Chapin, Fuller, and Pearson submitted a letter to the Journal of Applied Physics. Around the same time, the front page of the 27 January 1954 New York Times heralded an "atomic battery" produced by the RCA Corp. in which electrons emitted by radioactive strontium-90 generated electricity from a p-n junction in silicon. The RCA Corp. invention produced a microwatt of power per square yard of solar cell.

Bell Lab's solar cell made the front page of the Times shortly after on 26 April 1954, appearing between announcement of the first large-scale test of the Salk polio vaccine and a gangland killing in New York. A square meter of Bell's solar cell converted six percent of the incident solar energy into electricity, effectively leaving RCA's atomic battery in the dust. The Times projected solar cells might someday harness the "almost limitless energy of the sun for the uses of civilization."

Bell managers told Pearson the solar cell had received "the best newspaper publicity coverage ever in the history of the Bell system." But Pearson was not as impressed by the publicity, noting that the invention of the transistor earned only six inches on the Times obituary page.

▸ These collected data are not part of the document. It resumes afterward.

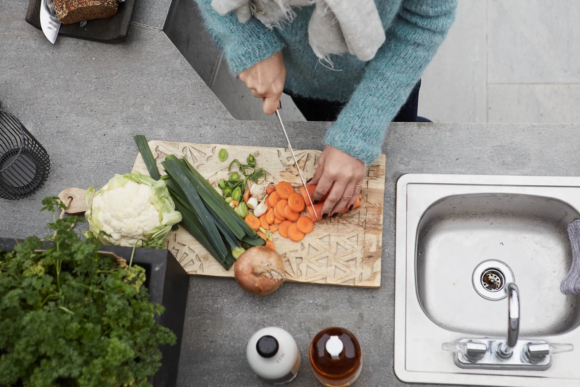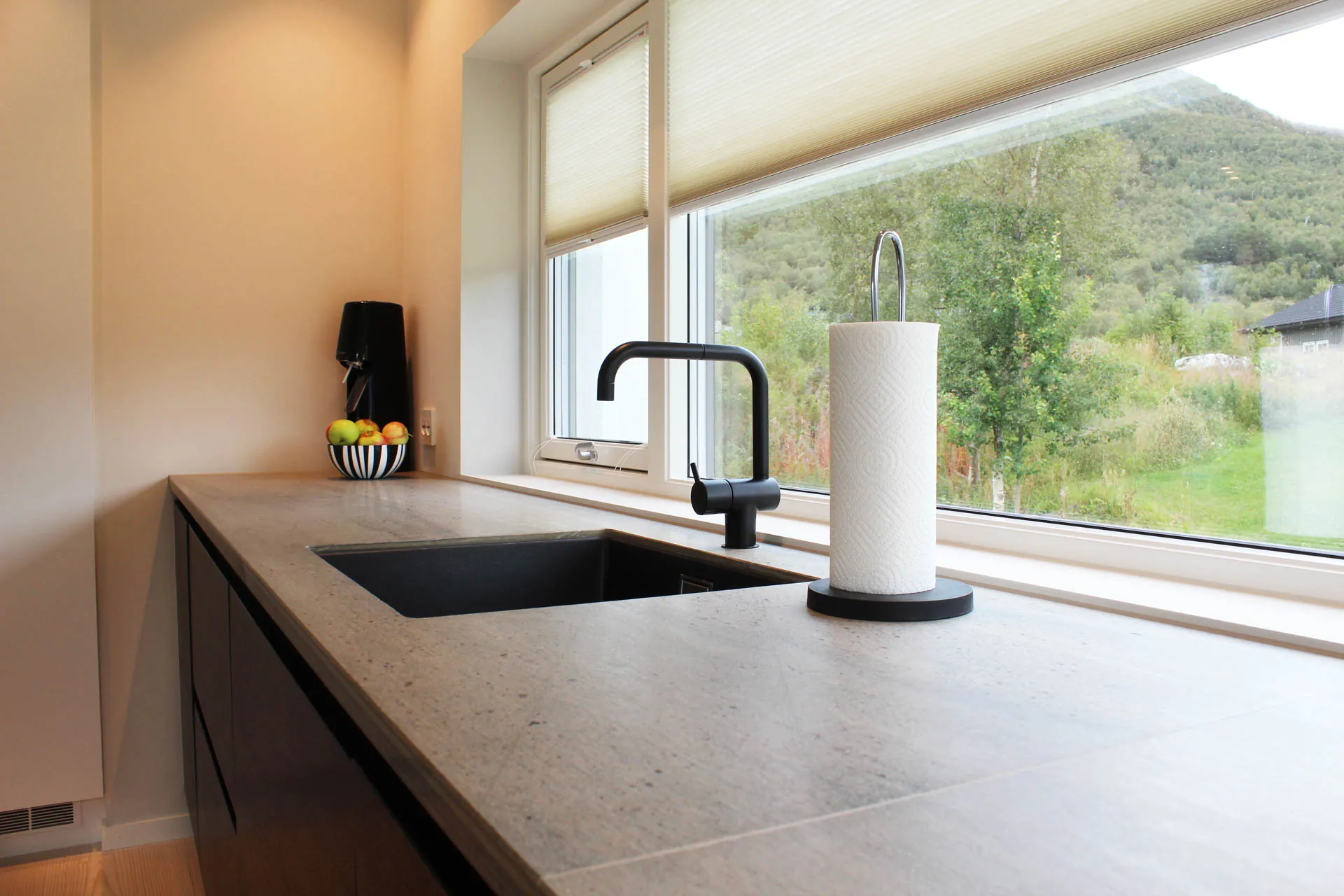En heltäckande skifferplatta har naturliga färgskiftningar och unika linjer som speglar hur stenen formats under miljontals år. Skiffern är särskilt vacker som bänkskiva i köket, runt eldstaden eller ovanpå muren, men fungerar lika bra där du vill ha ett hållbart och vackert material som tål höga temperaturer och är enkelt att hålla rent.
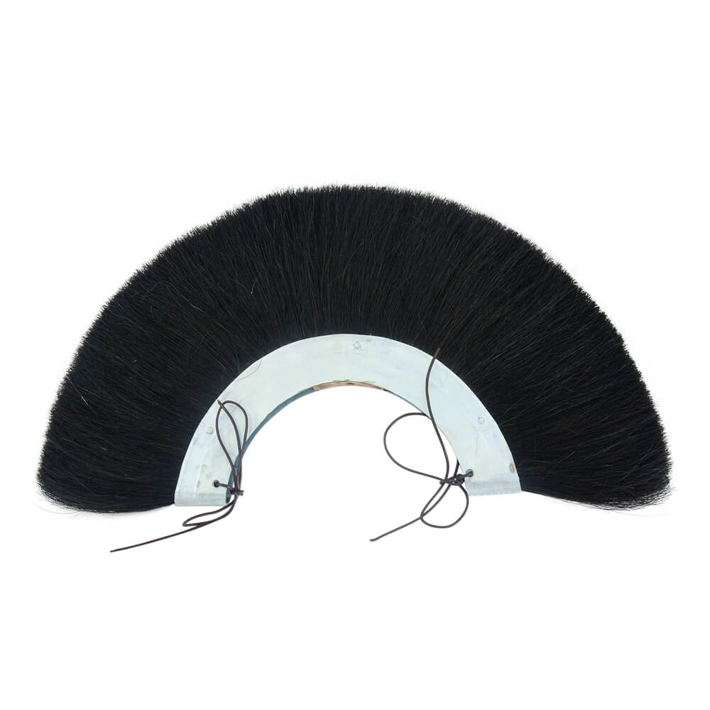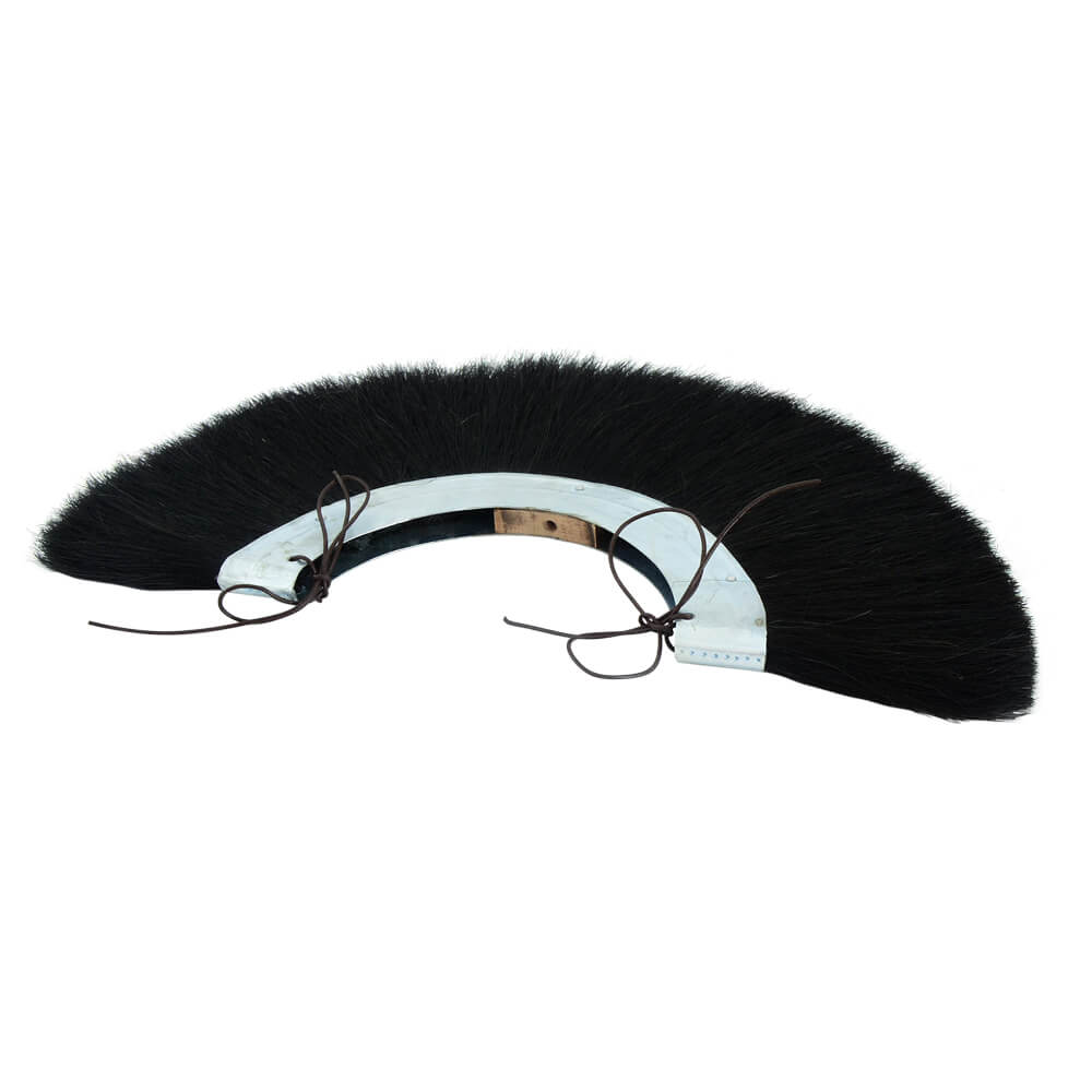 This Roman Helmet Crest is crafted from horsehair which is fitted to a steel base. It has a pre-drilled hole in its base that allow it to be mounted onto a crest holder. It can be used both as a transverse or front-to-back crest, depending on the type of holder used. Leather cords to tie down the crest are included.
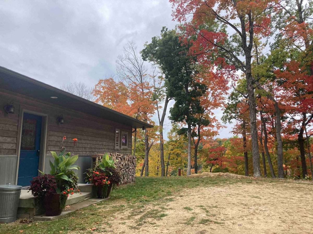Welcome to Driftless Chalet! The wonders of the Driftless Area lie just outside your window. Located on 5 wooded acres just past Spring Green, make this cozy cabin (with fast wifi, heat and A/C!) your HQ as you explore American Players Theater, House on the Rock, Taliesin, state parks, the WI River, wineries and more. Watch for deer and birds while sipping coffee on the porch, roast marshmallows over the campfire, bust out the board games and make lifelong memories!
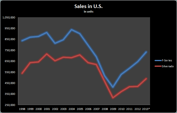 Ford's F-Series has even widened the sales gap since the recession, because some consumers refuse to buy from GM after its taxpayer-fueled bailout. GM loyalists often point out that if you combine all of GM's full-size sales, between the Silverado and Sierra, they do outsell Ford -- but that hasn't been true recently.
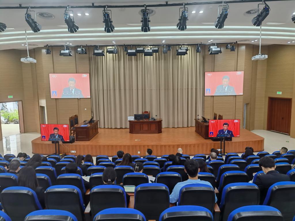10月16日上午10时,中国共产党第二十次全国代表大会在北京人民大会堂隆重开幕。法学院组织处科级干部、教研室主任、中心主任、支部书记及全体党员在模拟法庭集中观看了开幕会现场直播,庆祝党的二十大胜利召开。
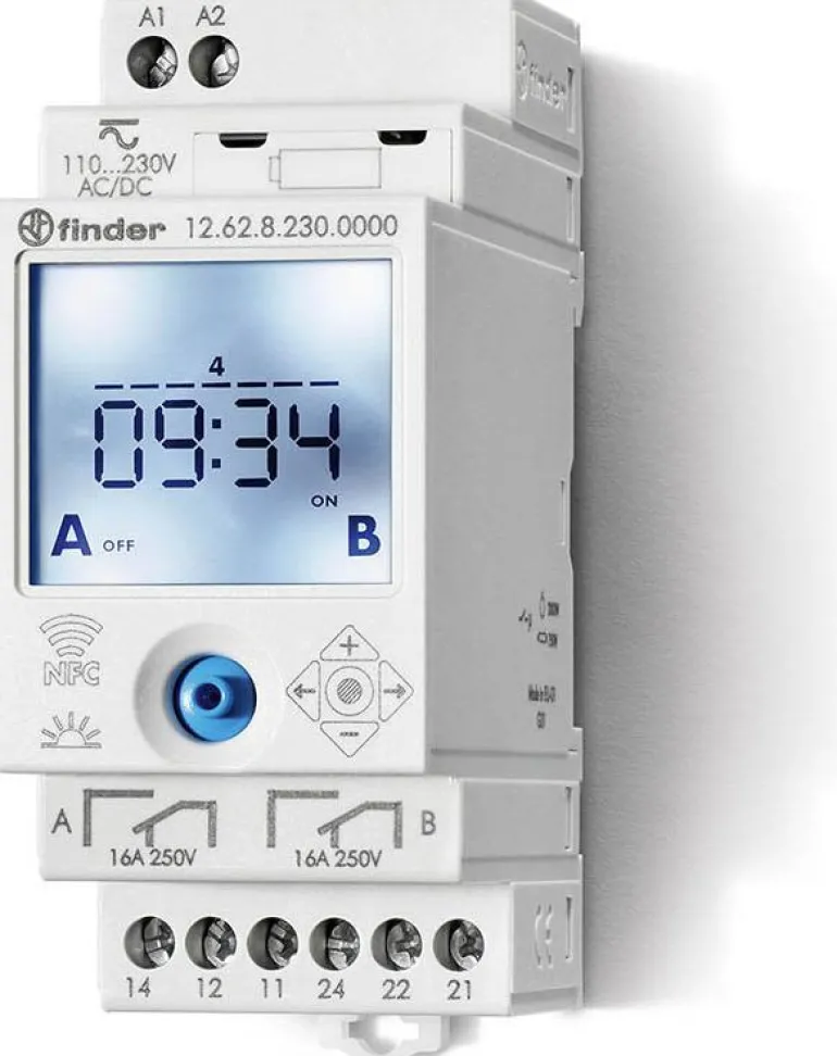 Viikkokello, jossa vaihtokytkin 16 A 110…230 VAC/DC. Ohjelmoidaan NFC:llä ja/tai ohjaussauvalla.

He told Hoddeson the solar cell "was the most important publicity-wise, but I think scientific-wise it may not have been."

The author’s 1960 solar cell, which cost $2.25
The author's 1960 solar cell, which cost $2.25. Credit: Jeff Hecht

Pearson measured success by how much his inventions were used. When he totaled up sales of his inventions in 1969, they had reached $260 million (nearly $1.2 billion today). His best-selling invention at the time was the silicon rectifier at $154 million, followed by p-n-p-n devices at $65 million, $18 million in thermistors, $20 million in field effect transistors, and only $5.8 million in solar cells, just over two percent of the total.

Yet solar cells captured the public's imagination. Edmund Scientific sold them in their catalog in the 1960s—you can see my own here (above), which I purchased for $2.25. Crucially, solar cells powered the space race, since all satellites built to last more than a month required solar power. Looking back, Pearson acknowledged, "The scientific equipment on the Moon and on Mars wouldn't function if it weren't for solar cells."

Pearson died in 1987, too early to see solar rooftops, solar-power farms, or solar cells with efficiency above the 23 percent limit that Chapin predicted 67 years ago. If he was around today, the tremendous growth of solar power and its importance in controlling climate change might have changed his mind.


Jeff Hecht is an SPIE Member and freelancer who writes about science and technology.